In Gal 2:1-10 Paul says that he had discovered in Jerusalem that the pillars were on the same page as he was. There is nothing here to suggest that anyone had had to compromize on anything. No compromize was necessary because they are in agreement.

I used to think that Gal 2:12 showed that James was in sympathy with the circumcision party. However if we reject the 'they came' textual variant and accept the well attested 'he came', as we must, then the following sequence is suggested:

1. Peter came to Antioch and ate with Gentiles and returned to Jerusalem.
2. Men from James came to Antioch
3. Paul visited Jerusalem (Gal 2:1-10 = Acts 15).
4. Peter came back to Antioch. The men from James were still there and Paul opposed Peter.

Now, the men from James should therefore be equated with the men from Judea of Acts 15:1. This is important because we know from 15:24 that, while they had been sent by the Jerusalem church (and therefore by James), they did not have the doctrinal support of the Jerusalem church (and therefore of James). Therefore Gal 2:12 tells us nothing new about James's views on the circumcion question, and we should accept the testimony of Gal 2:1-10 and Acts, which show that he and Paul were on the same page.

Furthermore, Paul says in Gal 2:6 that the pillars meant nothing to him. He says this to show that he preached his gospel out of conviction and not just to please the pillars (see Gal 1). This shows that the pillars held views similar to what Paul proclaimed. The background to Galatians is the confusion that arose in (south) Galatia following the circumcision of Timothy and the delivery of the letter from Jerusalem (Acts 16:1-5). The Galatians naturally deduced that Paul actually believed in circumcision (Gal 5:11)and that he had preached against it only to please the pillars and not out of conviction.

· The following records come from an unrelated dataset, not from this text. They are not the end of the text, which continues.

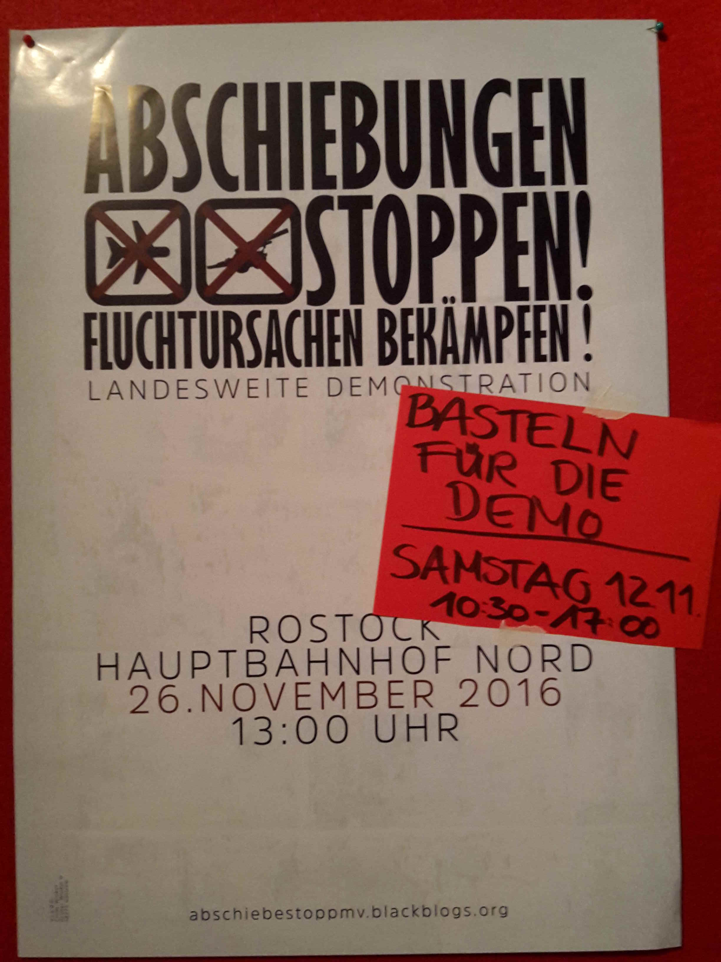 Vor einem Jahr flohen zahlreiche Menschen aus Kriegs- und Krisenregionen in Vorderasien und Afrika. Tausende passierten auch den Rostocker Bahnhof. Das daraufhin gegründete Bündnis „Rostock hilft!“ mobilisierte unzählige Rostocker_innen welche den Ankommenden halfen Unterkunft und Orientierung zu finden und sie mit dem Notwendigsten versorgten. Viele Geflüchtete machten sich weiter auf den Weg vom Fährhafen nach Skandinavien. Nun sollen sie und zahlreiche weitere Schutzsuchende abgeschoben werden, zurück in Krisenregionen oder Erstaufnahmeländern.
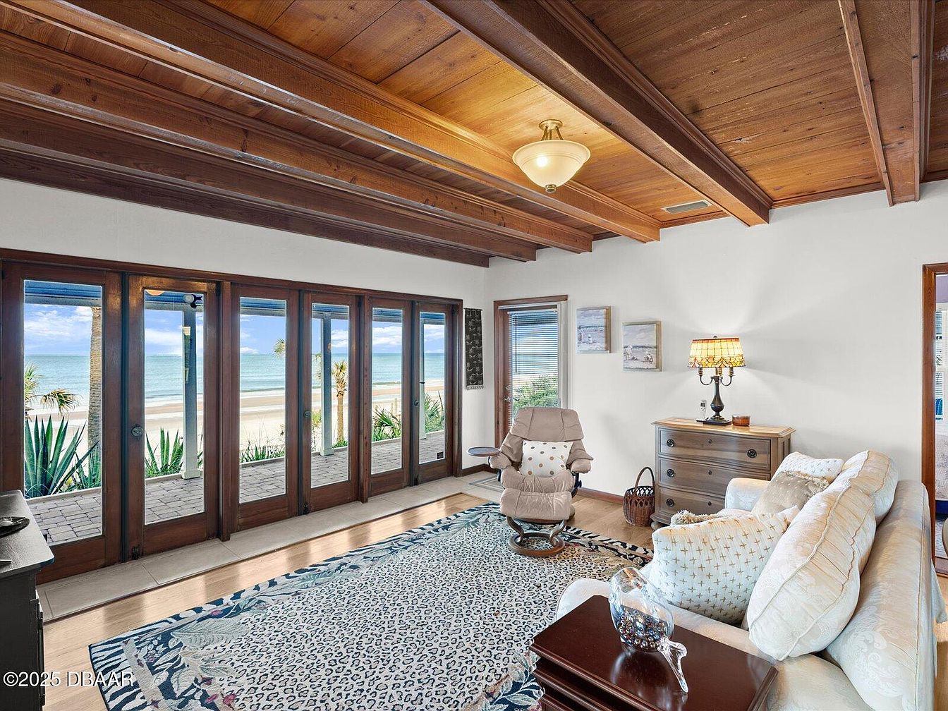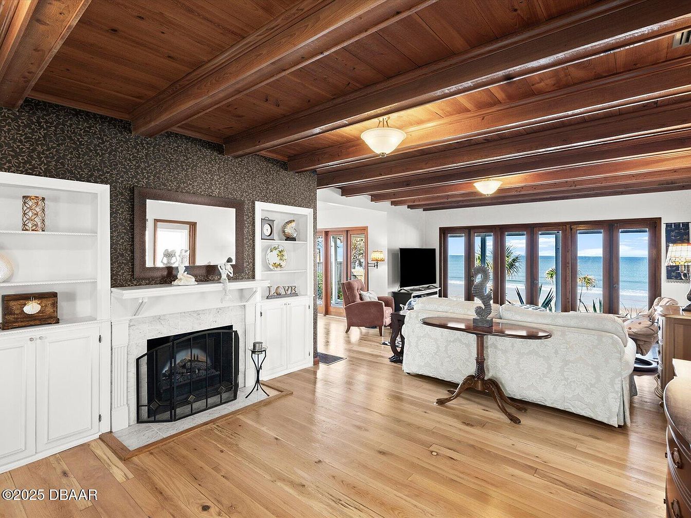 This spacious living room features a warm wooden plank floor and a ceiling made of exposed wood beams that enhance its coastal cottage charm. A white stone fireplace with built-in cabinetry on either side anchors the space, complemented by a dark patterned accent wall behind it. Large sliding glass doors framed in rich wood open to a stunning ocean view, flooding the room with natural light. The furniture includes a delicate floral-patterned sofa and a wood accent table, balancing comfort with classic style. Soft lighting fixtures overhead add finish touches to this inviting, scenic retreat.
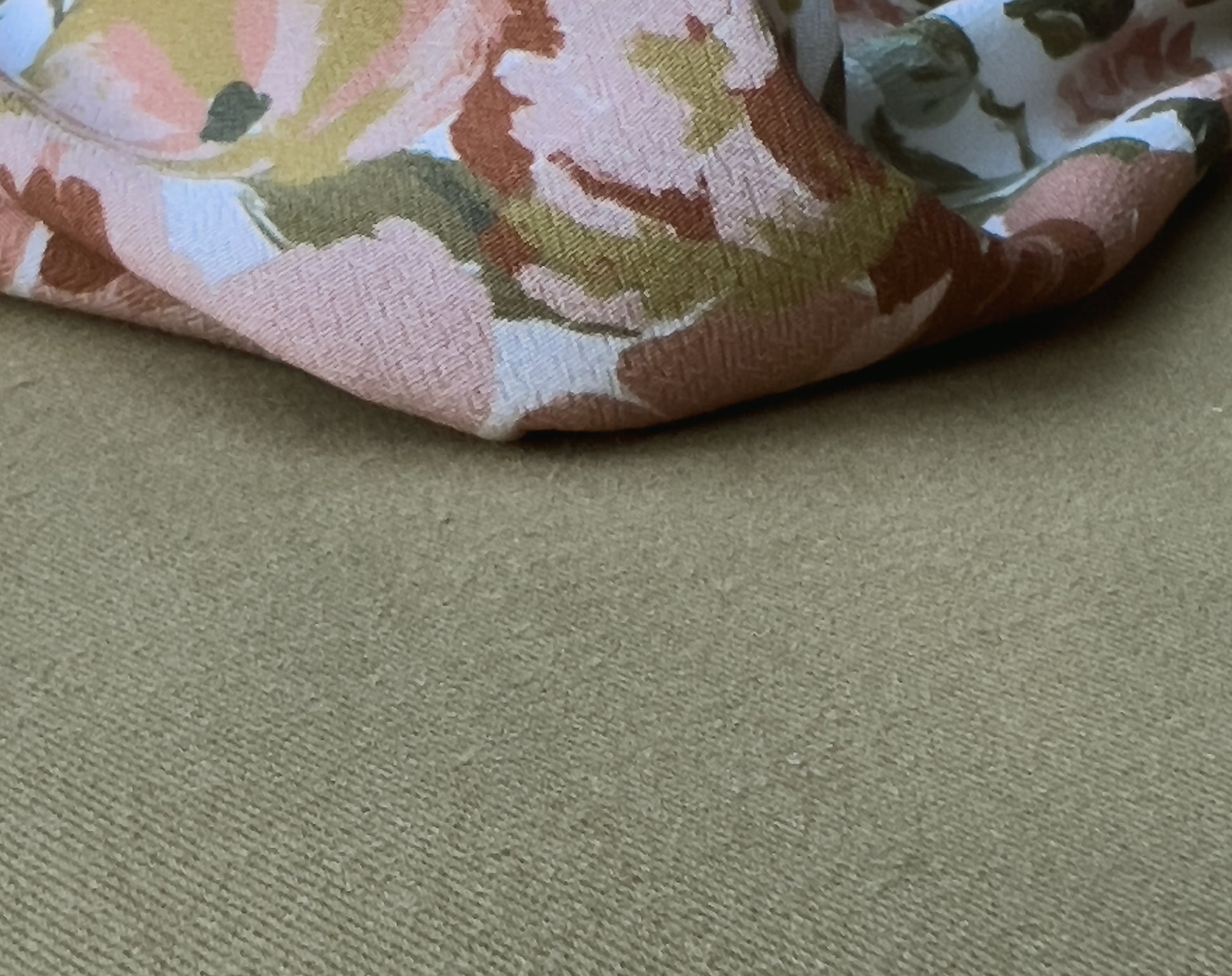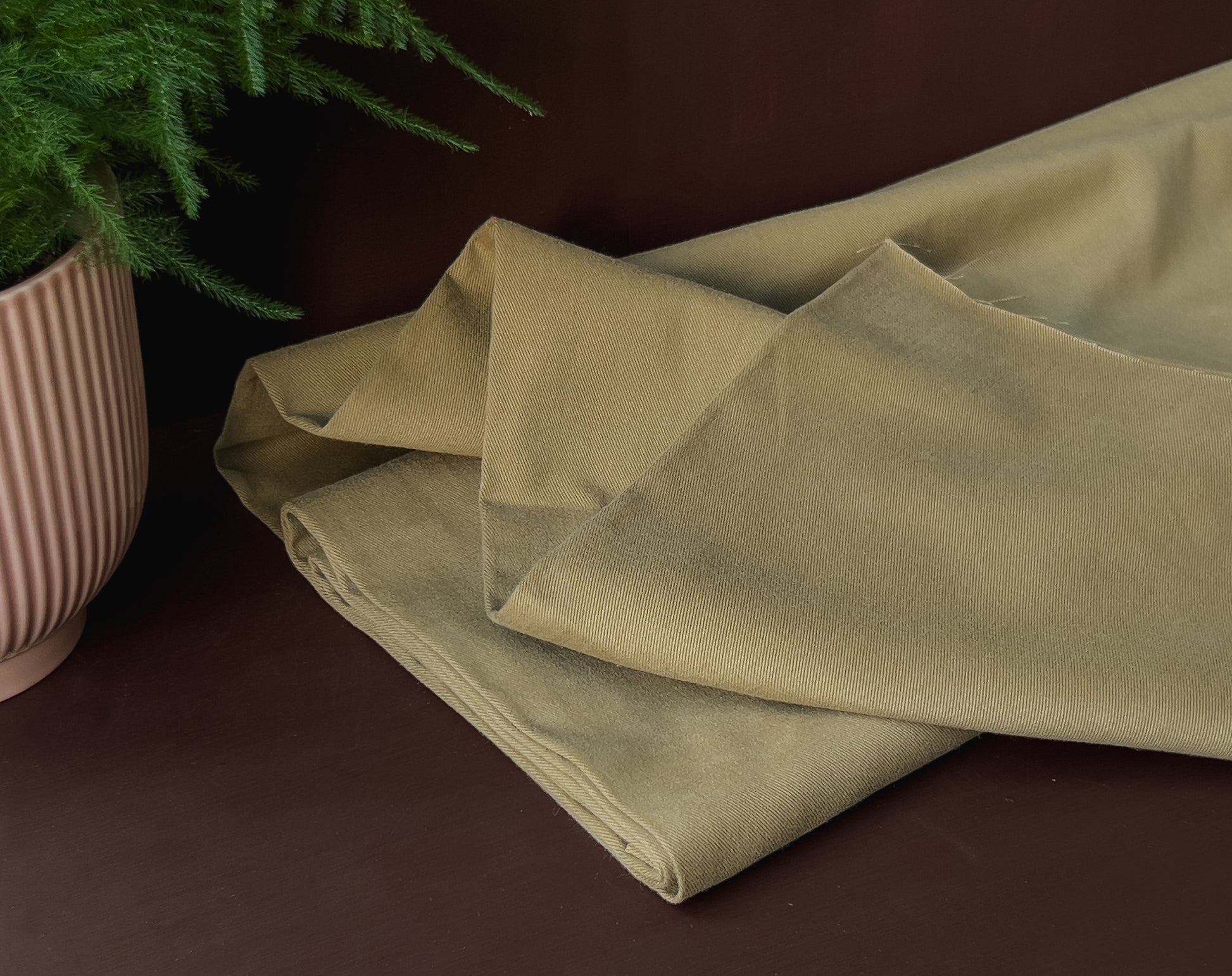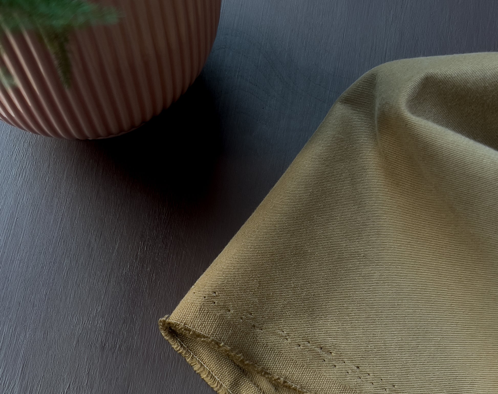A soft and smooth light but densely woven twill fabric, with a peach skin 'brushed' finish on the face side. This has a delicate edge to it, not like some heavier twills. The amazing shade of olive comes from La Maison's exclusive colour chart, the earthiness does actually make me think of a jar of olives! There is also the same fabric in another shade called ‘Légère Laurier’.

Sorry, but I just don't see this big gulf between Paul and the pillars that you and Esler take for granted. See also my comments on the Euangelion blog. The rest of your speculation is idle unless you can first establish that Paul and the pillars were on different pages.

Richard Fellows. Jan 23 2008.

1/24/2008  
Blogger Messenger Angela said...

Author; You're great learning has turned you into a heretic! Or at least jaded you considerably about the kind of men entrusted with the faith.

The gospel is not something to be bargained and haggled over like so many chickens or a political deal cut in a smoke filled room.

These were men who had given themselves to Christ--who had died to themselves, who had been crucified with Christ, nevertheless lived--not they but Christ in them. What concern had they of their own opinions--none--but they sought God's as all that mattered.